Les règles esthétiques que firent triompher assez longtemps nos poètes de l’école parnassienne, on peut dire en effet quelles dominèrent pendant près d’un demi-siècle tout l’art poétique allemand. Platen et Rückert furent, sinon à proprement parler les initiateurs, du moins les fondateurs de cette école pour laquelle la forme était tout, et le contenu, rien ou peu de chose, pour laquelle l’expression n’était plus un moyen, mais devenait le but même de la poésie. Peut-être pourrait-on dire de Heine lui-même qu’il eut là sa part de responsabilité. Si implacable adversaire de Platen qu’il fût, il ne se montra pas moins lui-même aussi, et plus encore que Platen, un tel maître dans la forme, il n’y fit pas moins preuve d’une telle virtuosité, qu’il n’a pas toujours su échapper au danger de faire montre gratuitement de cette virtuosité, et ainsi parfois d’en abuser. Par l’apparence de vie que son art merveilleux a su maintes fois prêter à de purs jeux de langage ou d’esprit, il a donc pu contribuer lui-même à propager un art qu’il combattait.

Mais le poète chez qui ces nouvelles tendances se manifestèrent de la façon la plus consciente et qui parla, en même temps qu’il atteignait à une véritable maîtrise, conquit aussi en Allemagne la plus grande renommée, depuis Heine, c’est Emmanuel Geibel, dont toute la poésie est d’essence purement formelle. On a souvent cité de lui ces conseils qu’il donne aux poètes : « Que, par une forme accomplie, le vrai poète s’efforce à glaner du sourire, même dans un sujet pénible ! Qu’un noble rythme vienne adoucir et rendre belles toute douleur et toute tristesse ! Que même le cri d’angoisse qui s’échappe de la poitrine devienne de la musique pour l’oreille ! Que le javelot piquant de l’ironie soit tout d’abord plongé dans les vagues de la grâce, et que résonne avec harmonie l’arc qui le doit lancer ! » Cette citation est empruntée à ses Distiques de la Grèce ; et elle forme en allemand six vers pleins d’un charme qu’il est malheureusement impossible de retrouver dans une traduction[1].

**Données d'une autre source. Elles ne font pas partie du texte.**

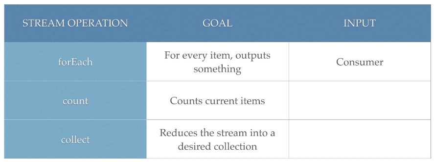 如上图,对于流的处理,主要有三种关键性操作:分别是流的创建、中间操作(intermediate operation)以及最终操作(terminal operation)。
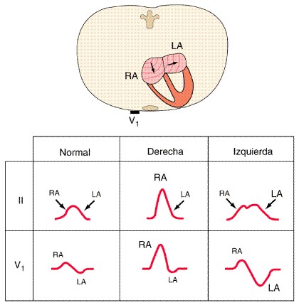 La sobrecarga de la aurícula derecha (right atrial, RA) produce ondas P altas y picudas en las derivaciones de los miembros o en las precordiales. La anomalía auricular izquierda (left atrial, LA) produce ondas P anchas y, a menudo, con muescas en las derivaciones de los miembros, y a onda P bifásica en V1 con un componente negativo importante que indica despolarización tardía de la LA.
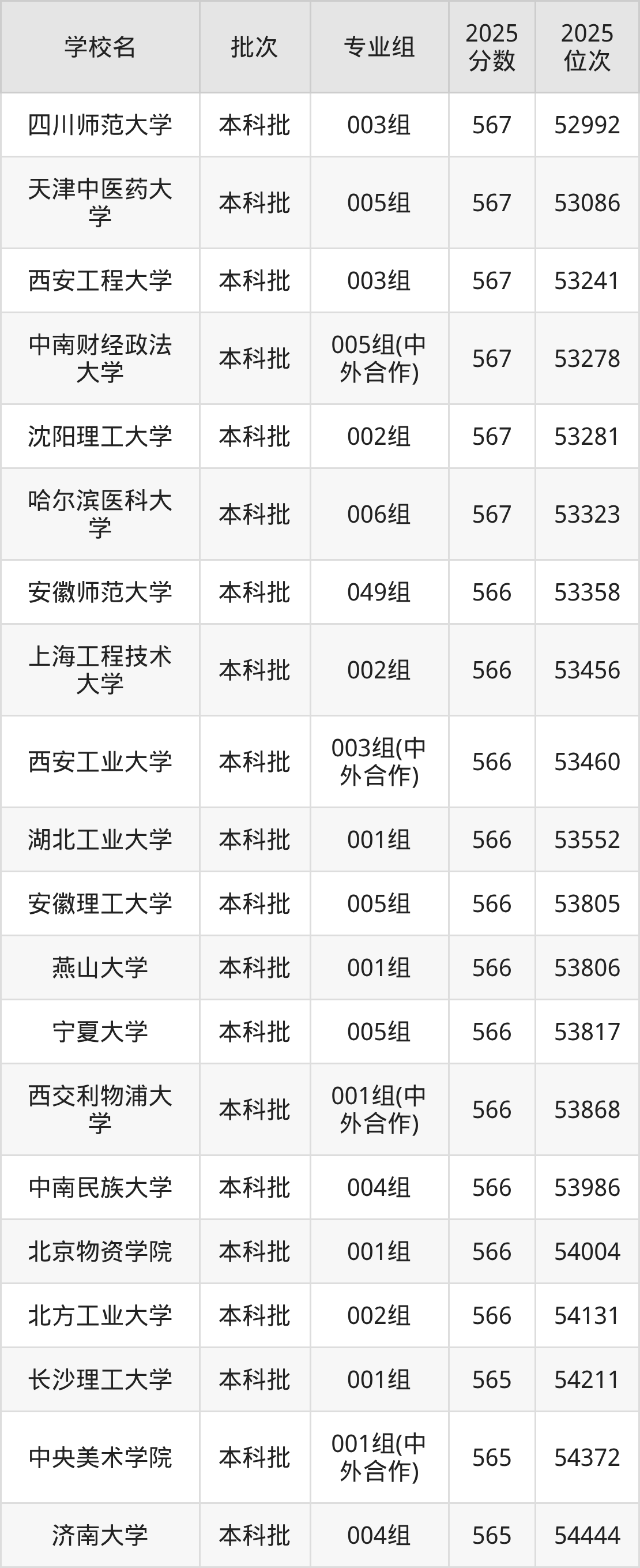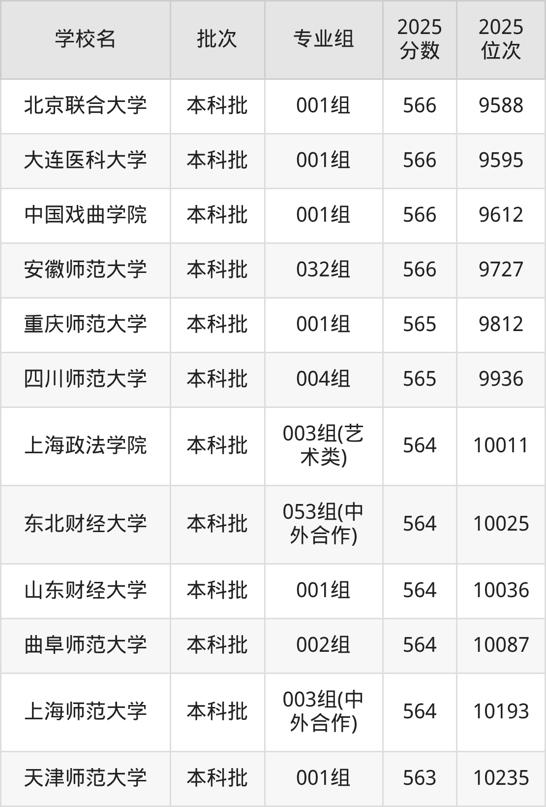 2025年安徽高考历史类566分(9505名~9740名)能上的大学有北京联合大学001组、大连医科大学001组、西南民族大学001组、中国戏曲学院001组等。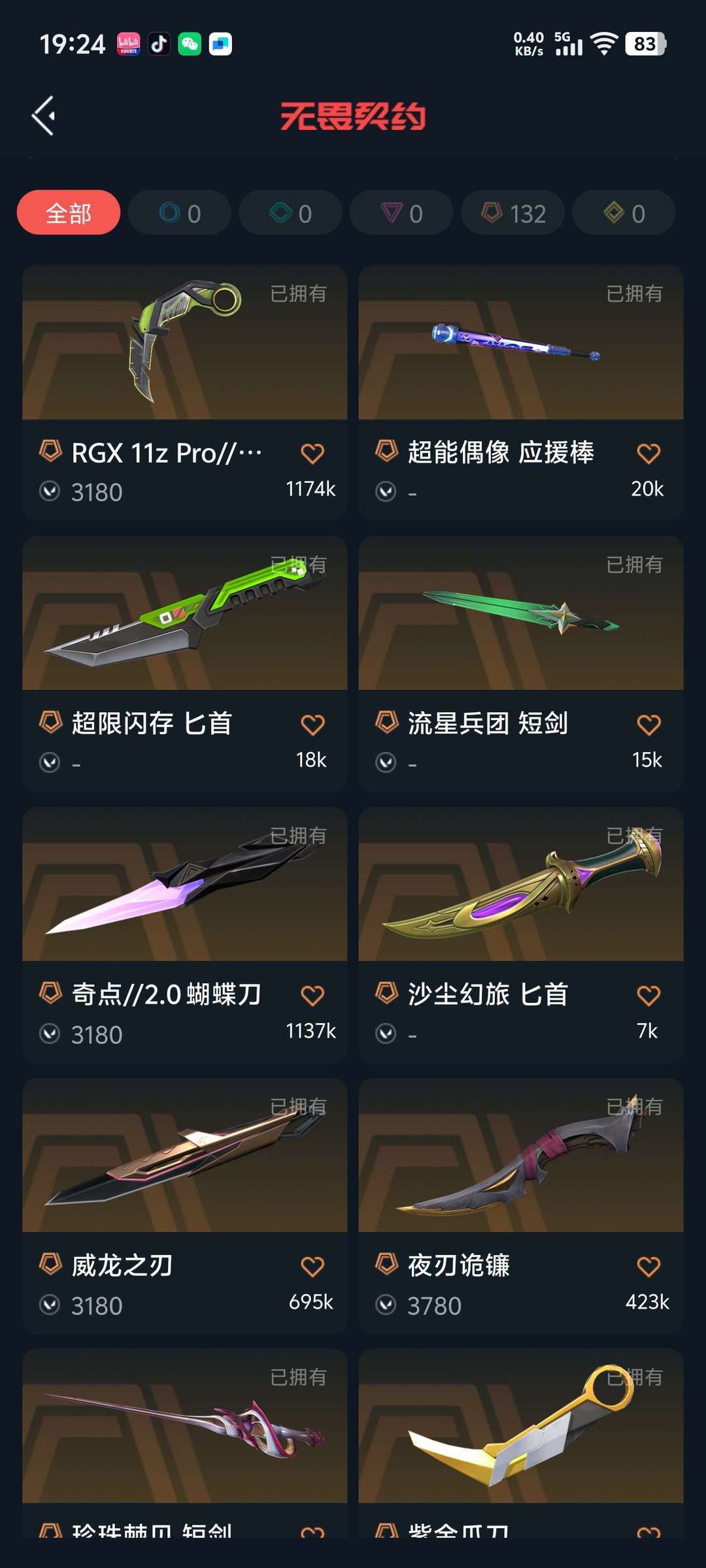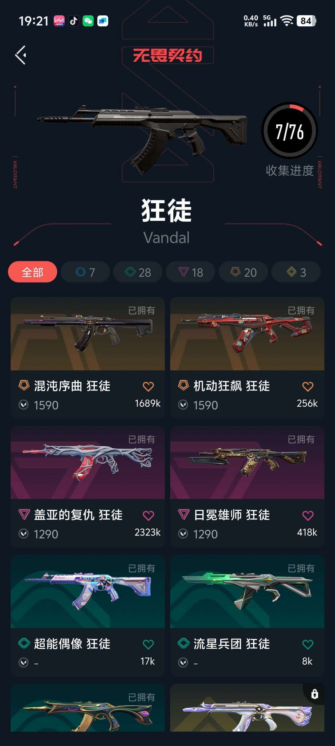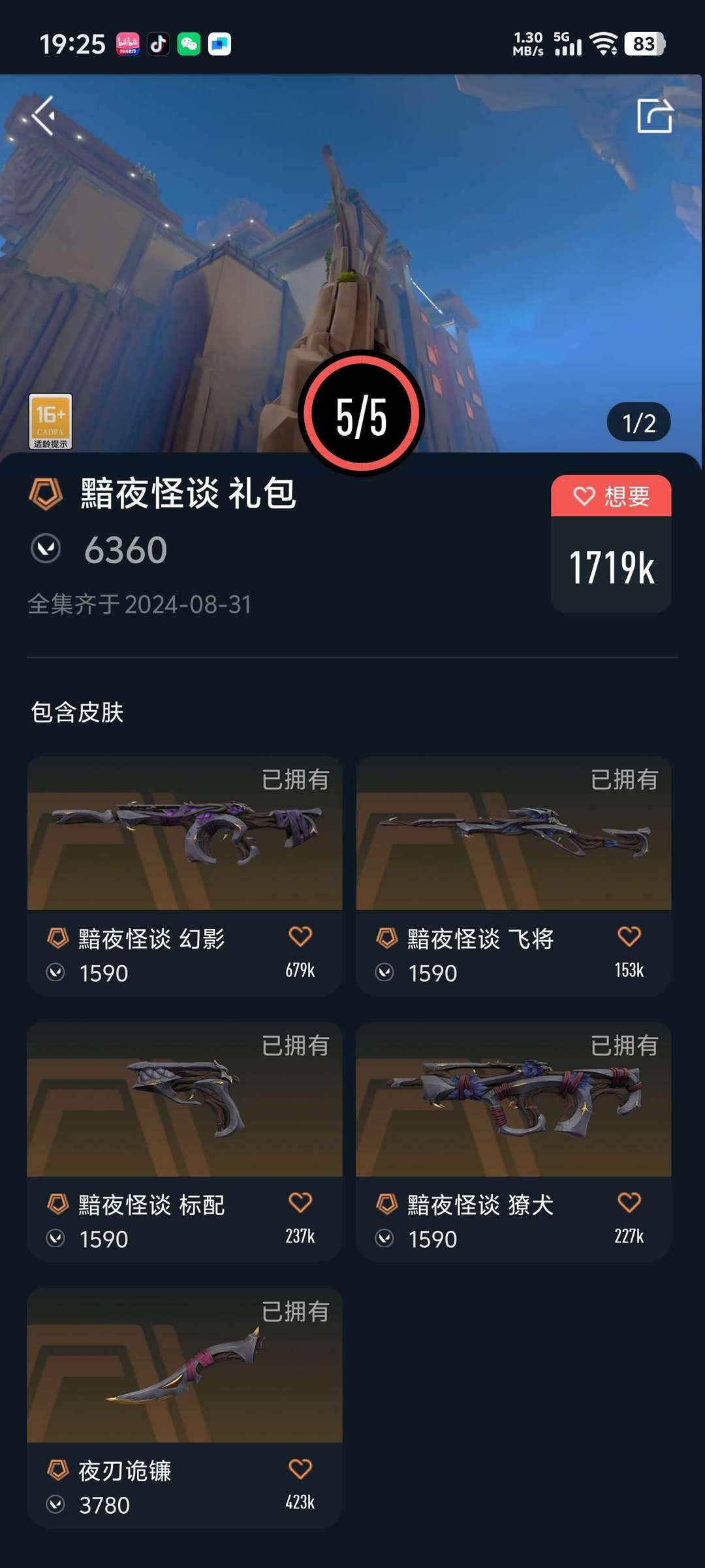 装备描述:狂徒:盖亚 混沌 摩托 狮子 幻影:黯夜怪谈 流脓 刀:显卡爪 奇点蝴蝶 威龙 紫金爪 夜刃诡镰 莲花左轮 哨兵冥驹 黯夜一套

  1. Je ferai remarquer ici, en passant, que cette impossibilité de traduire des vers d’une langue dans une autre, et en particulier de l’allemand en français, est un peu à regretter dans une étude du genre de celle-ci. C’est évidemment lorsqu’il s’agit de poésie lyrique qu’une bonne citation serait souvent préférable à n’importe quel commentaire. Mais, pour ne pas desservir los poètes dont j’aurai à parler, en leur enlevant par le fait même de la traduction une de leurs qualités primordiales, je restreindrai mes citations aux cas semblables à celui-ci, où je veux attirer l’attention sur l’idée et non sur la forme. Pour ce qui est de la forme et de tout l’éclat que celle-ci peut donner à l’idée, je serai bien obligé de prier qu’on veuille bien en croire ce que je dis, jusqu’au moment où l’on aura pris la peine d’aller consulter soi-même le texte original.